- [PROVIDED RECORDS]
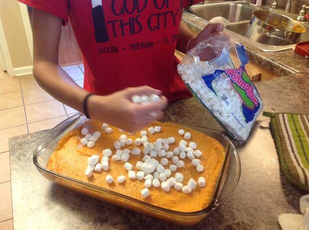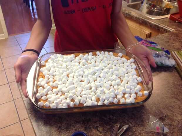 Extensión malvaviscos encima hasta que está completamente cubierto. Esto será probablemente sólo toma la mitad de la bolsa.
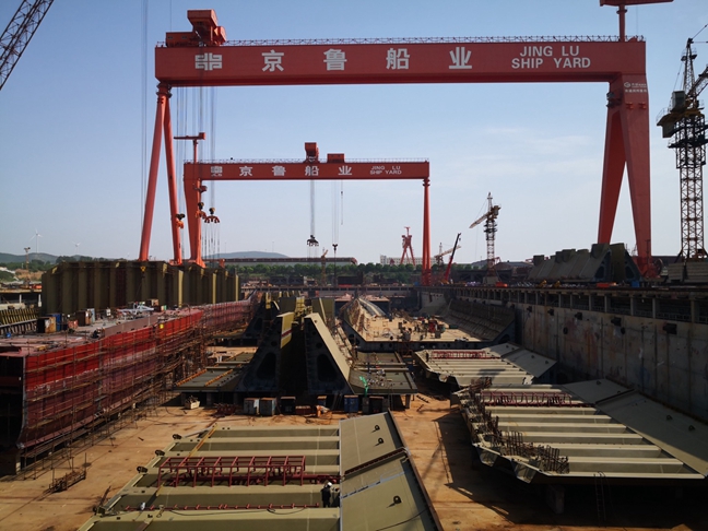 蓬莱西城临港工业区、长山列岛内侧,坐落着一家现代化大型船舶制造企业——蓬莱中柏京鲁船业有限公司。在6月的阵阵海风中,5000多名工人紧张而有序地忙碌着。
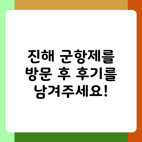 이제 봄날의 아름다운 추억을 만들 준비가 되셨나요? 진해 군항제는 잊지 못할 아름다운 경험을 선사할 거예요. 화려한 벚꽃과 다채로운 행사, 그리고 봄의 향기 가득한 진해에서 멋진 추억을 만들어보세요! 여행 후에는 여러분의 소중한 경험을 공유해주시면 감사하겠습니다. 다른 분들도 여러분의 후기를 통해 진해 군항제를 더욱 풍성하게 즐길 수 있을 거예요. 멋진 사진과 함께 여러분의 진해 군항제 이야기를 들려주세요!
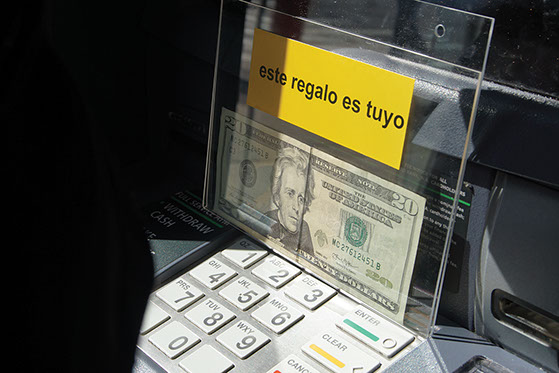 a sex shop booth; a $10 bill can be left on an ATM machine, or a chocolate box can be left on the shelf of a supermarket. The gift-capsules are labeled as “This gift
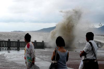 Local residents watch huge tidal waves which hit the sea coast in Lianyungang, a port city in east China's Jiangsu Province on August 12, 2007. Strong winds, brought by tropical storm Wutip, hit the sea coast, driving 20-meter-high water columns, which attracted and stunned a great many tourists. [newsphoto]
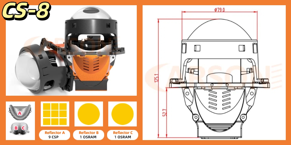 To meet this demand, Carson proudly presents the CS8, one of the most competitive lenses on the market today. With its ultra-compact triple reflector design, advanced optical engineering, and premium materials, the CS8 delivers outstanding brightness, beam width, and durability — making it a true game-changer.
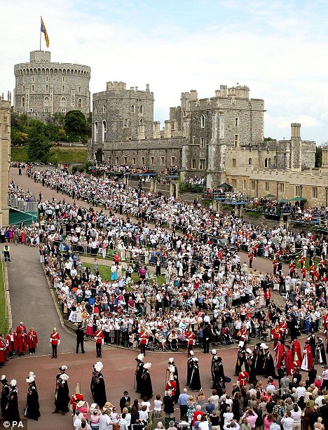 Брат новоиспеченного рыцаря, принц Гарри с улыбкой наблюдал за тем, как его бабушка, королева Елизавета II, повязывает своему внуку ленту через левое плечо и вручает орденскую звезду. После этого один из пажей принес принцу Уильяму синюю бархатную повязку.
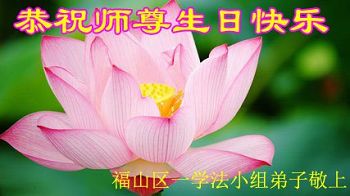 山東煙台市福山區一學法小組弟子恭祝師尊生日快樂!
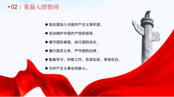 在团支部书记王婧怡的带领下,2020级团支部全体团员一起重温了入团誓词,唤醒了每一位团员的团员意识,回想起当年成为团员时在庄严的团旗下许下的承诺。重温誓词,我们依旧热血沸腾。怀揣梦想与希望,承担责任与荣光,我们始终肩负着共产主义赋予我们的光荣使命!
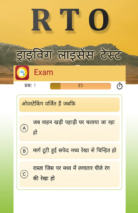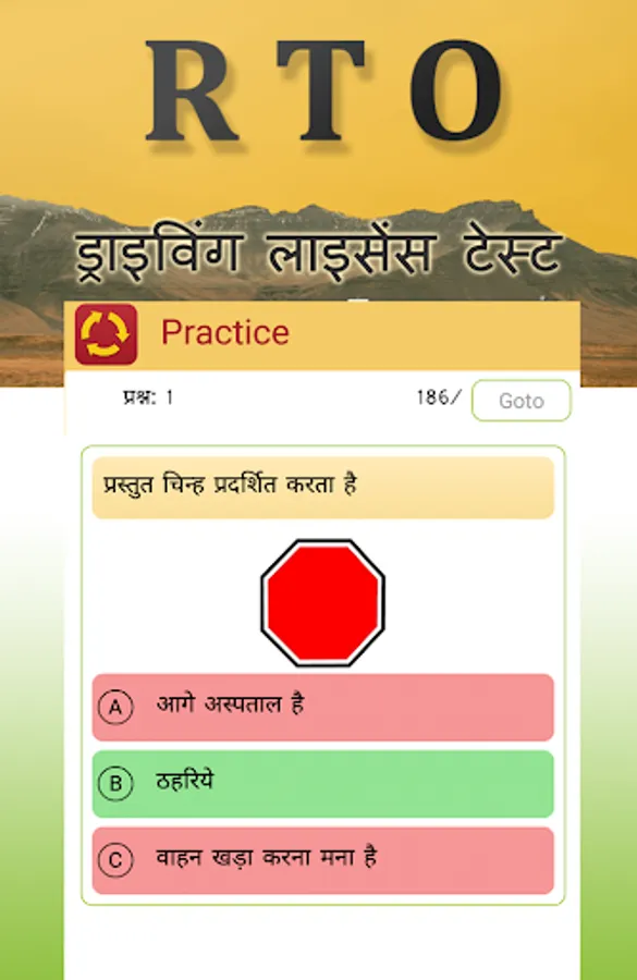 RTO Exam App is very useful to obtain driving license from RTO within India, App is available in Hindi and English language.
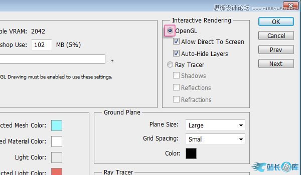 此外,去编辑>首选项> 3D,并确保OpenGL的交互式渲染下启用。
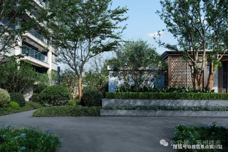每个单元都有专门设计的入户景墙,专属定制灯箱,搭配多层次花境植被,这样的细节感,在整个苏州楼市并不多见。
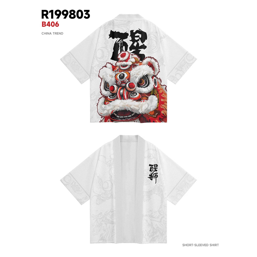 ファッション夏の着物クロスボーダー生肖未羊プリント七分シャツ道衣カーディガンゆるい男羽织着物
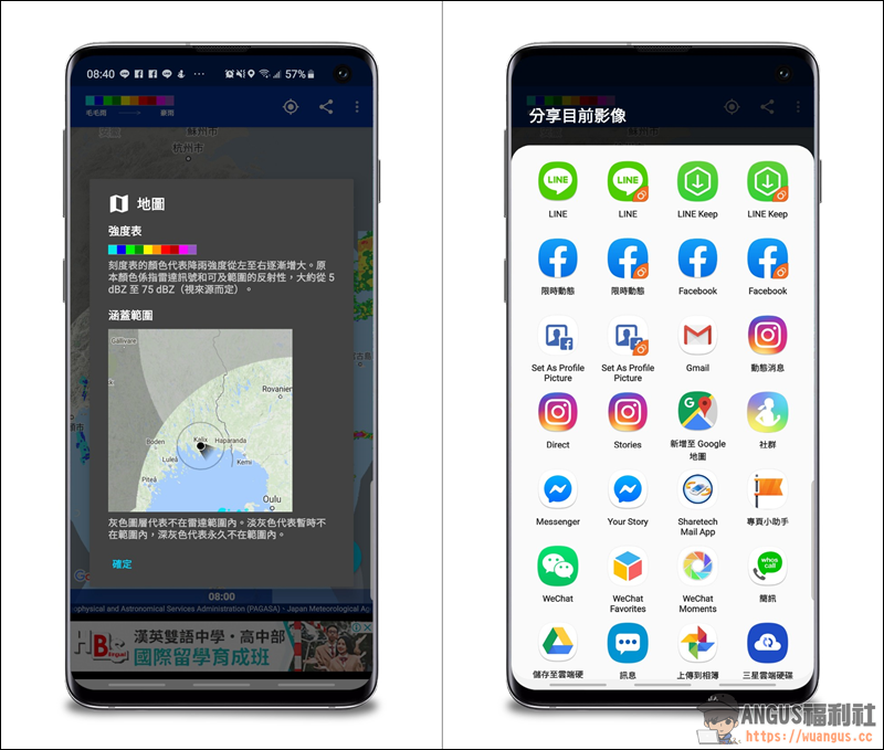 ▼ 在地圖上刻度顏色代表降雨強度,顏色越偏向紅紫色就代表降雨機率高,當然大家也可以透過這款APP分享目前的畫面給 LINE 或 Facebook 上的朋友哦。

* * *

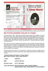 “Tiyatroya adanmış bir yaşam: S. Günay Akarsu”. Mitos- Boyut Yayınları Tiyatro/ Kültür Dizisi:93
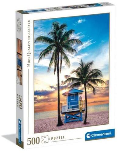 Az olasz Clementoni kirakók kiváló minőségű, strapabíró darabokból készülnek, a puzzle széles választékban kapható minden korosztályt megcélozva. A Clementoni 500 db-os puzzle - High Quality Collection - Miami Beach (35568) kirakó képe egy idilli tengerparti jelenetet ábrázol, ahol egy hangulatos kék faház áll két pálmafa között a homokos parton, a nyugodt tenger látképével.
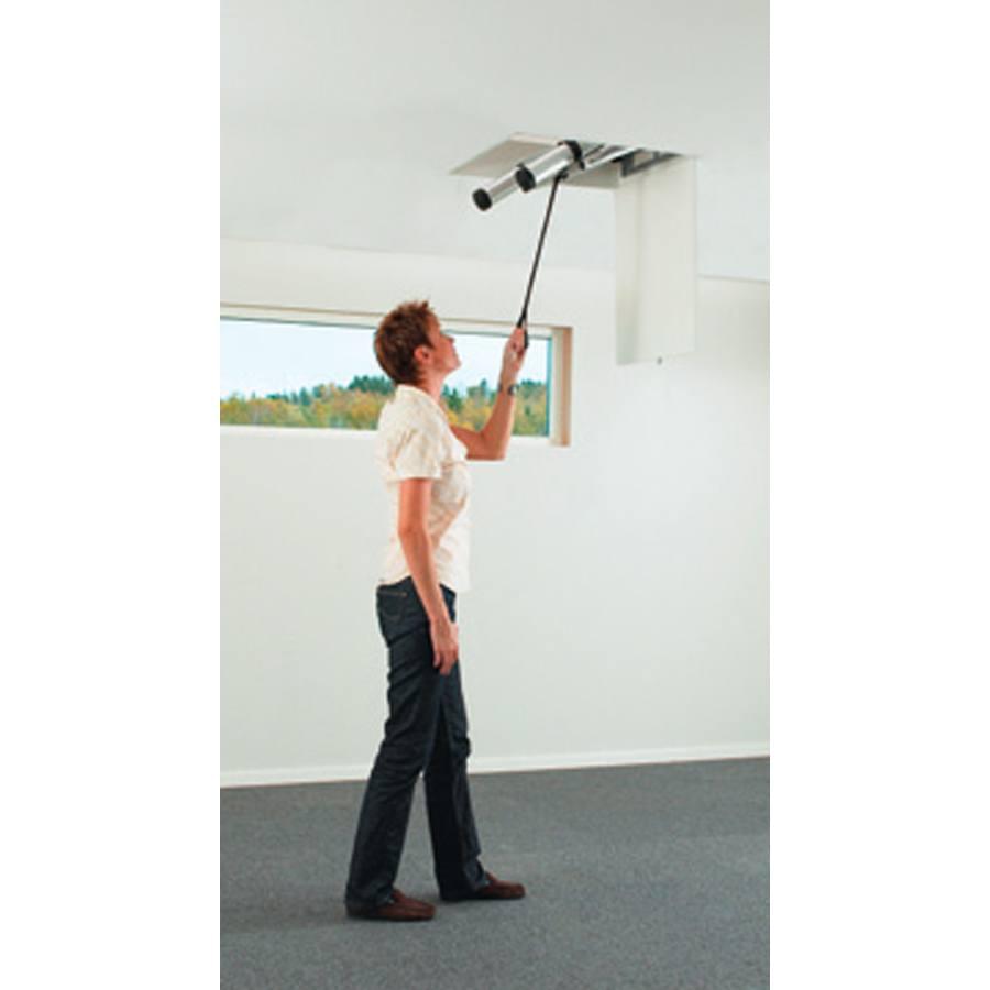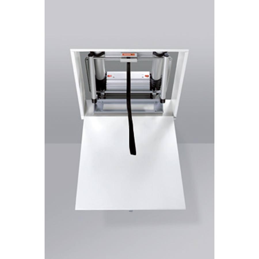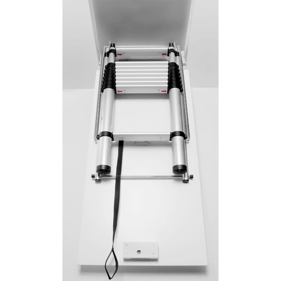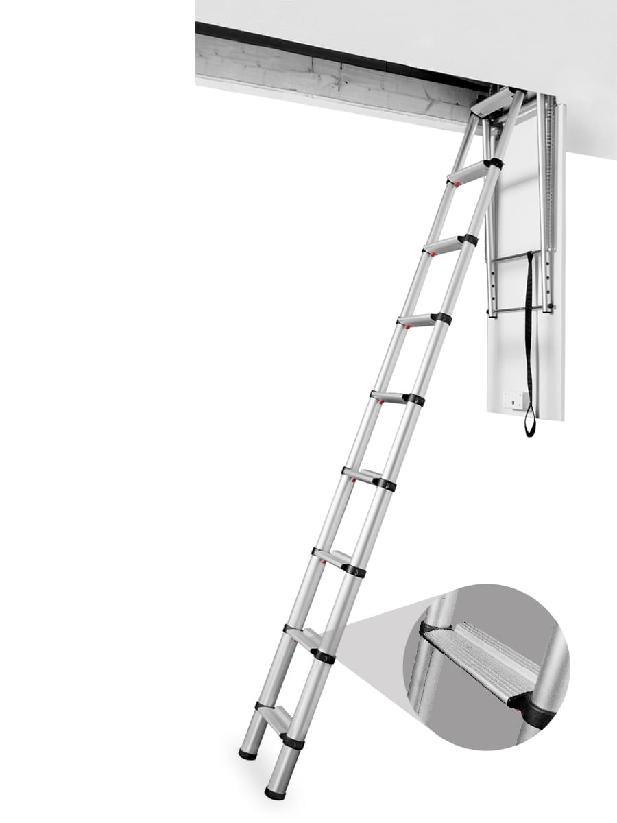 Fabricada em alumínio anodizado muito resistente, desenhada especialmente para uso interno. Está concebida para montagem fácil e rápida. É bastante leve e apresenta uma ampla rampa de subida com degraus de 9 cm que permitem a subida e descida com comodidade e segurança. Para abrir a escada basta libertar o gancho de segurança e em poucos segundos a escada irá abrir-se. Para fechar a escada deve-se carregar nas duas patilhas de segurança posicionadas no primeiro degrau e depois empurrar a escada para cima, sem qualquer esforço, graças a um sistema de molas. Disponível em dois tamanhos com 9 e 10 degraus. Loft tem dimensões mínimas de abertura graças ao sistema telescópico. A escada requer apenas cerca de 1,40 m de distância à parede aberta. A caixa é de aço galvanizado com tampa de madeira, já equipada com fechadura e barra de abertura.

- [EXERCISE AIM]
Could you transcribe exactly the entries above, but only the lines from the one with "在团支部书记王婧怡的带领下,2020级团" through the one with "或 Facebook 上的朋友哦。", and without pictures?

- [PROBLEM SOLUTION]
 在团支部书记王婧怡的带领下,2020级团支部全体团员一起重温了入团誓词,唤醒了每一位团员的团员意识,回想起当年成为团员时在庄严的团旗下许下的承诺。重温誓词,我们依旧热血沸腾。怀揣梦想与希望,承担责任与荣光,我们始终肩负着共产主义赋予我们的光荣使命!
 RTO Exam App is very useful to obtain driving license from RTO within India, App is available in Hindi and English language.
 此外,去编辑>首选项> 3D,并确保OpenGL的交互式渲染下启用。
每个单元都有专门设计的入户景墙,专属定制灯箱,搭配多层次花境植被,这样的细节感,在整个苏州楼市并不多见。
 ファッション夏の着物クロスボーダー生肖未羊プリント七分シャツ道衣カーディガンゆるい男羽织着物
 ▼ 在地圖上刻度顏色代表降雨強度,顏色越偏向紅紫色就代表降雨機率高,當然大家也可以透過這款APP分享目前的畫面給 LINE 或 Facebook 上的朋友哦。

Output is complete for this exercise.